━━━━━ DATA FOR THIS TASK ━━━━━

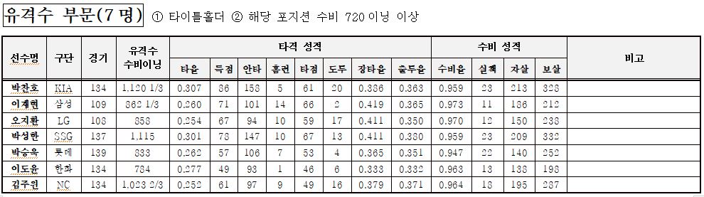 유격수 부문: 7명
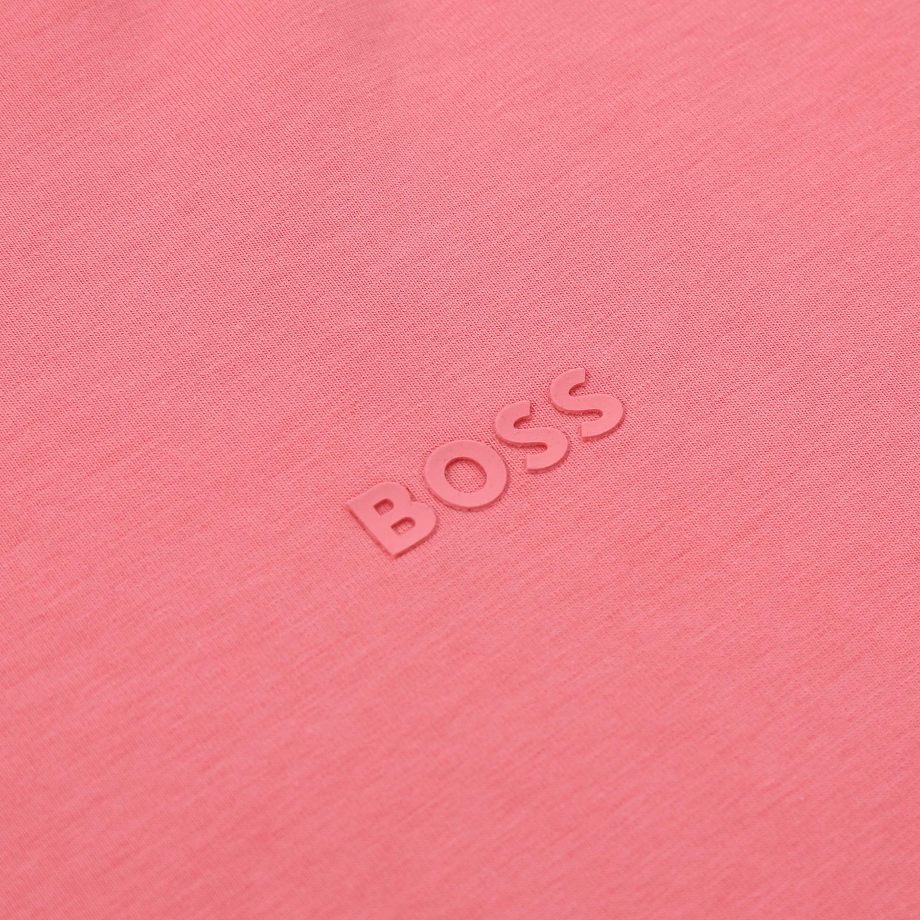 BOSS TChup T-Shirt in Light Pastel Red. A regular fit BOSS T-Shirt with a crew neck. Plain T-Shirt with a tonal BOSS logo in the centre of the chest. Perfect casual T-Shirt to be teamed up with either jeans or sweat pants.
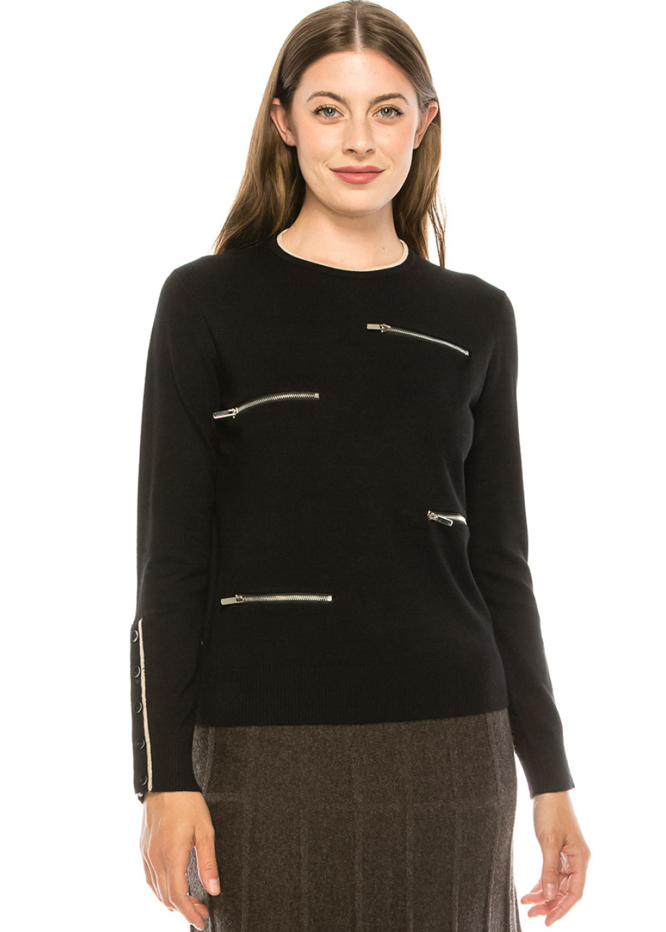 - 4 zipper details across the front
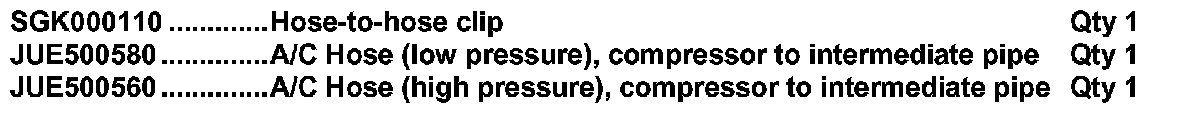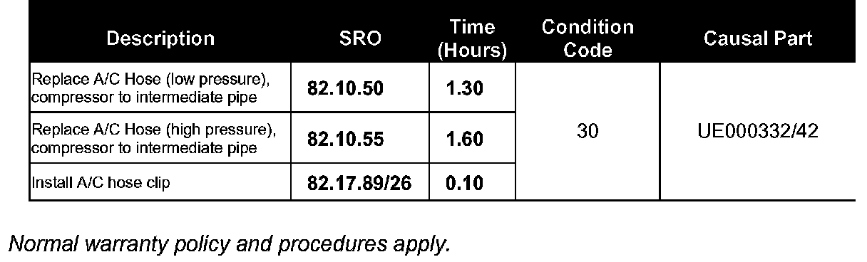 Should a customer complain of inoperative Air Conditioning, determine the cause or the source of the leak. Install a hose retaining clip between the compressor and the intermediate pipes and replace any affected A/C hoses.
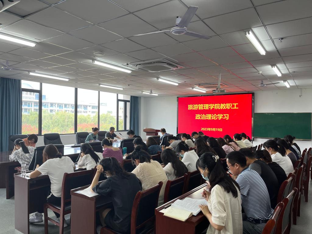 9月19日下午,旅游管理学院在双创中心310会议室召开教职工政治理论学习会。学院领导班子成员、全体教职工参加学习,学院党总支副书记杜丽主持学习会。
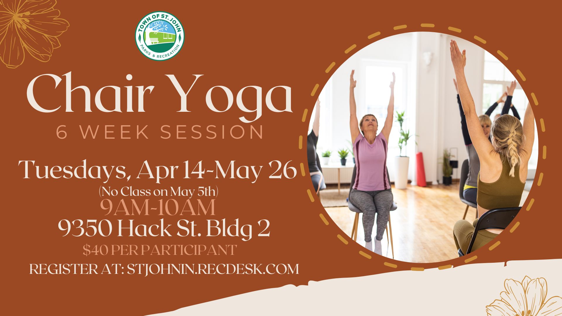 Join us for our 6-Week Chair Yoga Session on Tuesdays, April 14th- May 26th (No class on May 5th) from 9:00โ10:00 AM at the Parks Building- 9350 Hack St. Bldg 2!
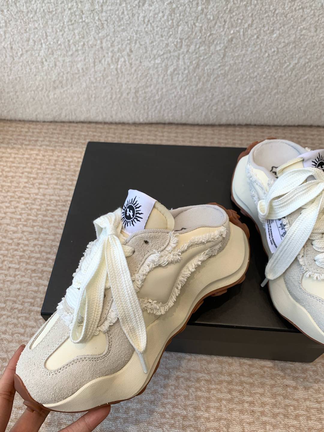 这款鞋子是AAAAA 1:1 质量 (非常棒). 使用了和原版一模一样的材料. 商标部分也保持了和一样. 图片拍摄是实物鞋子拍摄, 您所收到的实物保证和我们图片一模一样.
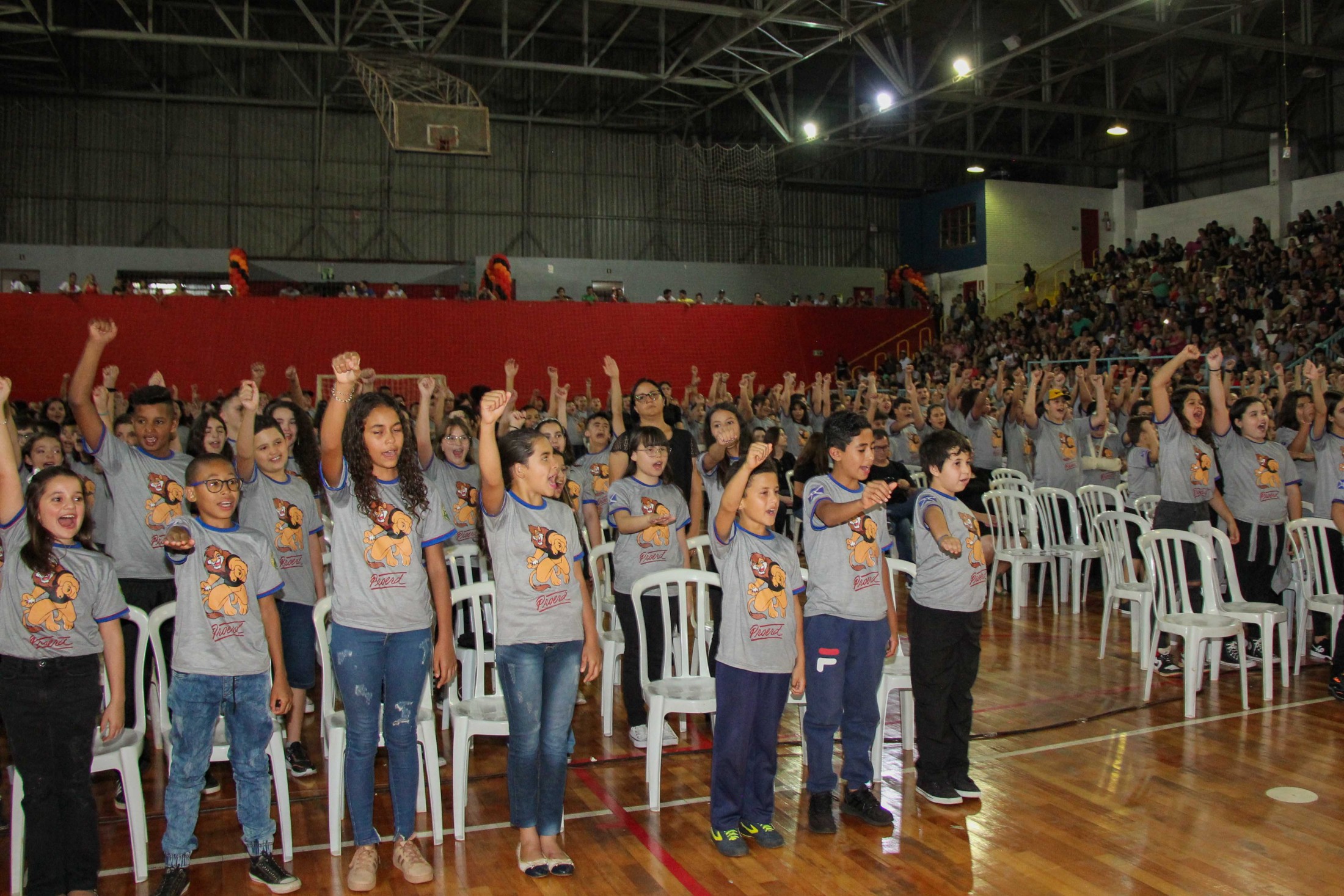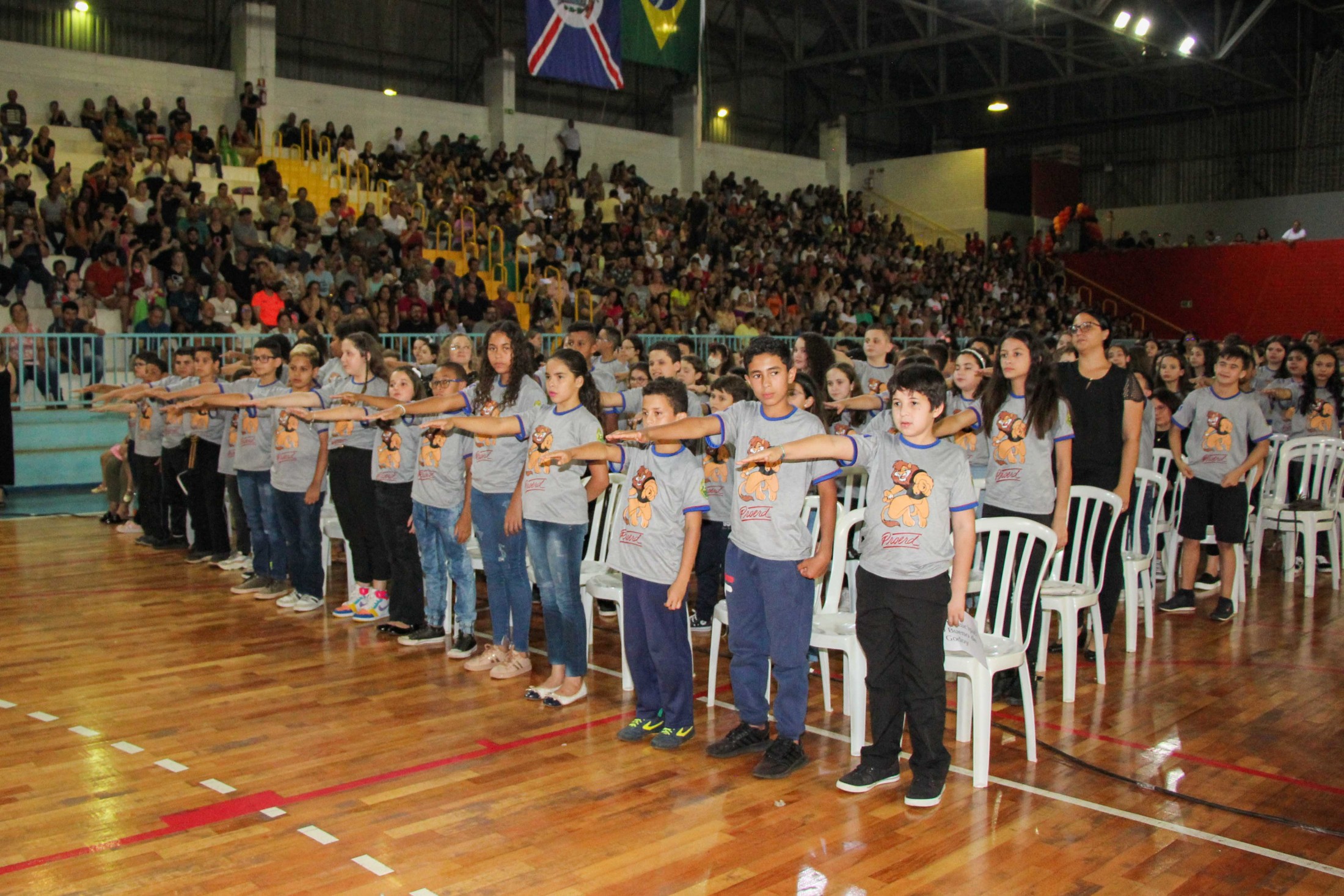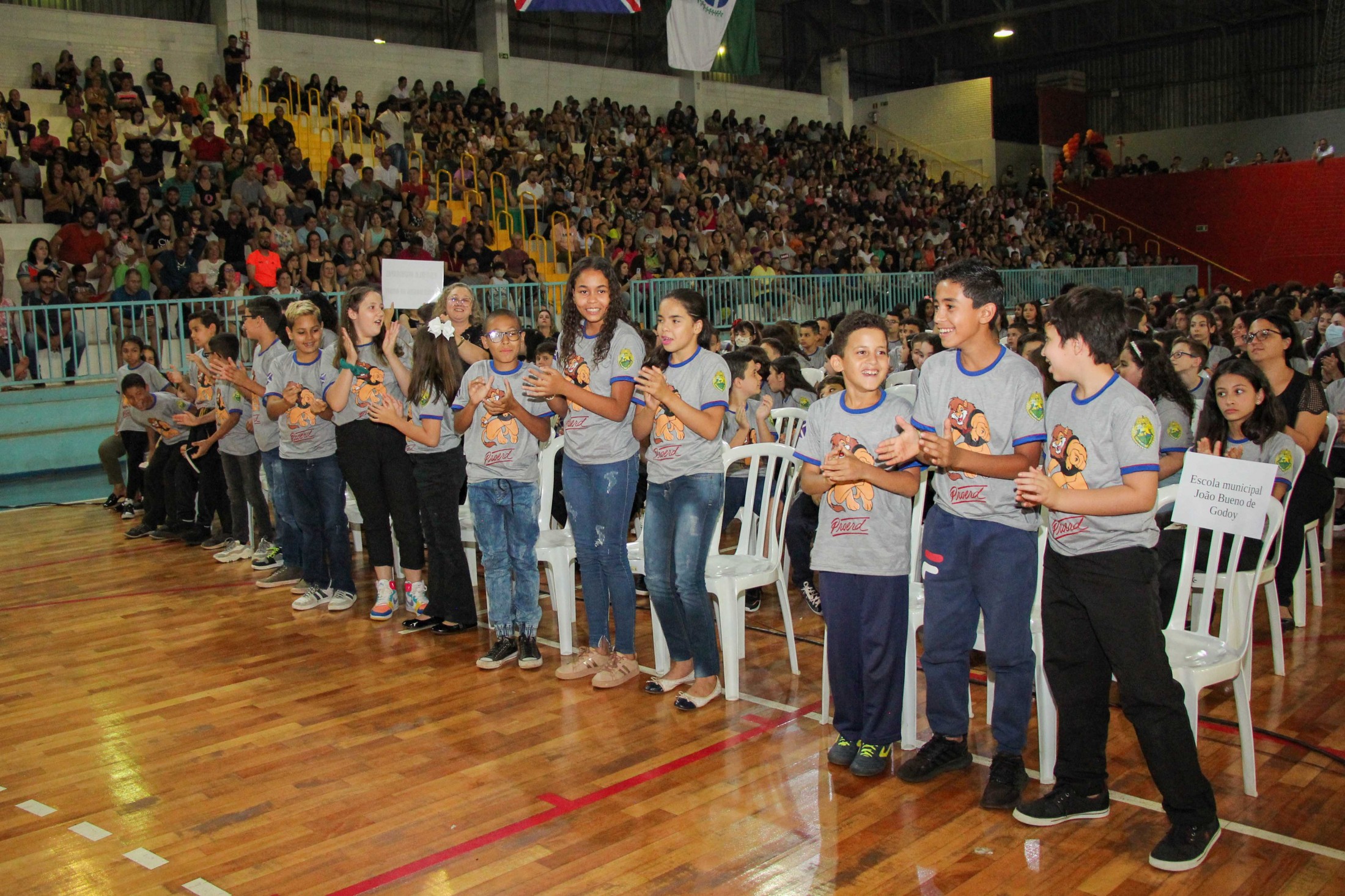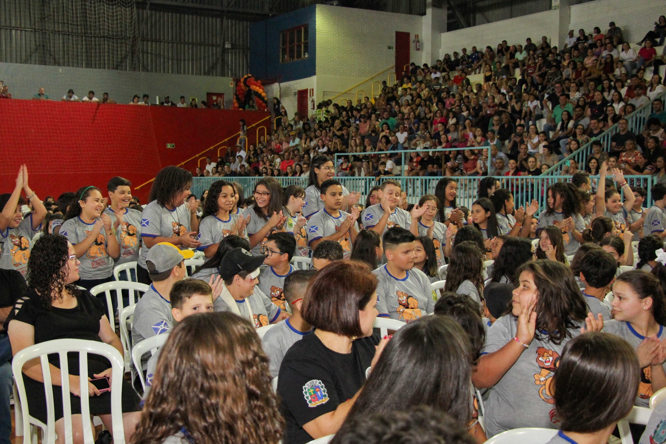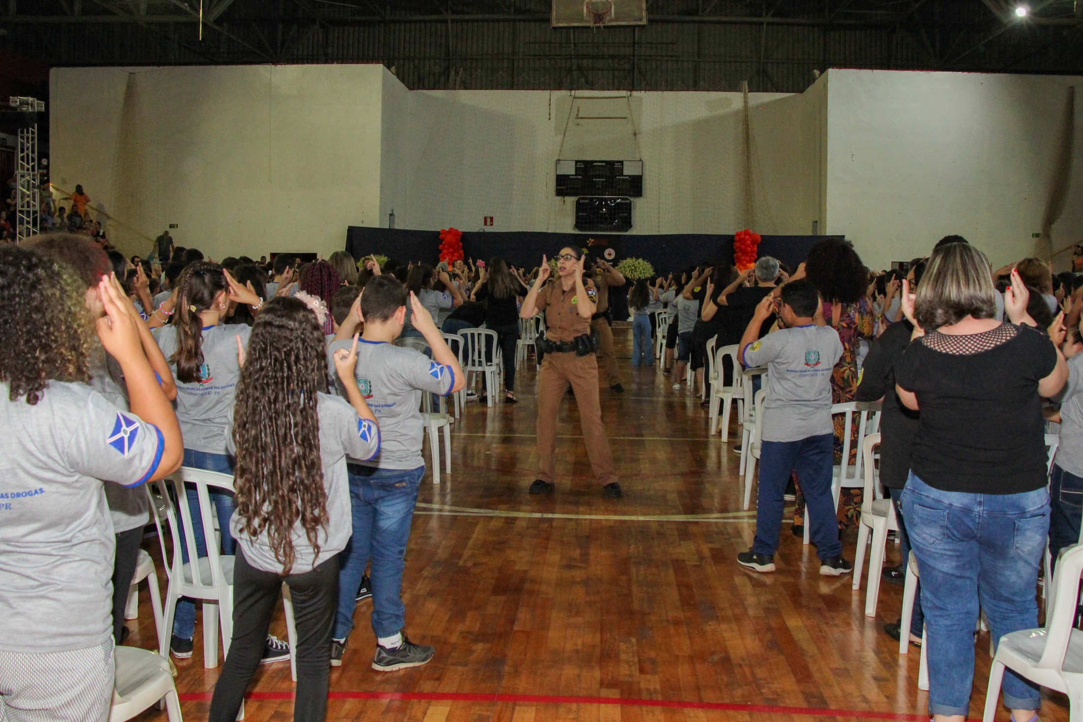 Emoção e alegria marcaram a solenidade de formatura do Programa Educacional de Resistência às Drogas e à Violência – Proerd, realizada na noite da última quinta-feira (10), no Ginásio de Esportes Tancredo Neves (Tancredão). O evento reuniu cerca de 3 mil pessoas, entre autoridades, militares, profissionais da educação, familiares e, aproximadamente, 670 estudantes do 5º ano do Ensino Fundamental, das 13 escolas da rede municipal de ensino, participantes do programa.

━━━━━

**YOUR ASSIGNMENT**
Give back the material exactly as written, images excluded.

**ANSWER SECTION**
 유격수 부문: 7명
 BOSS TChup T-Shirt in Light Pastel Red. A regular fit BOSS T-Shirt with a crew neck. Plain T-Shirt with a tonal BOSS logo in the centre of the chest. Perfect casual T-Shirt to be teamed up with either jeans or sweat pants.
 - 4 zipper details across the front
 Should a customer complain of inoperative Air Conditioning, determine the cause or the source of the leak. Install a hose retaining clip between the compressor and the intermediate pipes and replace any affected A/C hoses.
 9月19日下午,旅游管理学院在双创中心310会议室召开教职工政治理论学习会。学院领导班子成员、全体教职工参加学习,学院党总支副书记杜丽主持学习会。
 Join us for our 6-Week Chair Yoga Session on Tuesdays, April 14th- May 26th (No class on May 5th) from 9:00โ10:00 AM at the Parks Building- 9350 Hack St. Bldg 2!
 这款鞋子是AAAAA 1:1 质量 (非常棒). 使用了和原版一模一样的材料. 商标部分也保持了和一样. 图片拍摄是实物鞋子拍摄, 您所收到的实物保证和我们图片一模一样.
 Emoção e alegria marcaram a solenidade de formatura do Programa Educacional de Resistência às Drogas e à Violência – Proerd, realizada na noite da última quinta-feira (10), no Ginásio de Esportes Tancredo Neves (Tancredão). O evento reuniu cerca de 3 mil pessoas, entre autoridades, militares, profissionais da educação, familiares e, aproximadamente, 670 estudantes do 5º ano do Ensino Fundamental, das 13 escolas da rede municipal de ensino, participantes do programa.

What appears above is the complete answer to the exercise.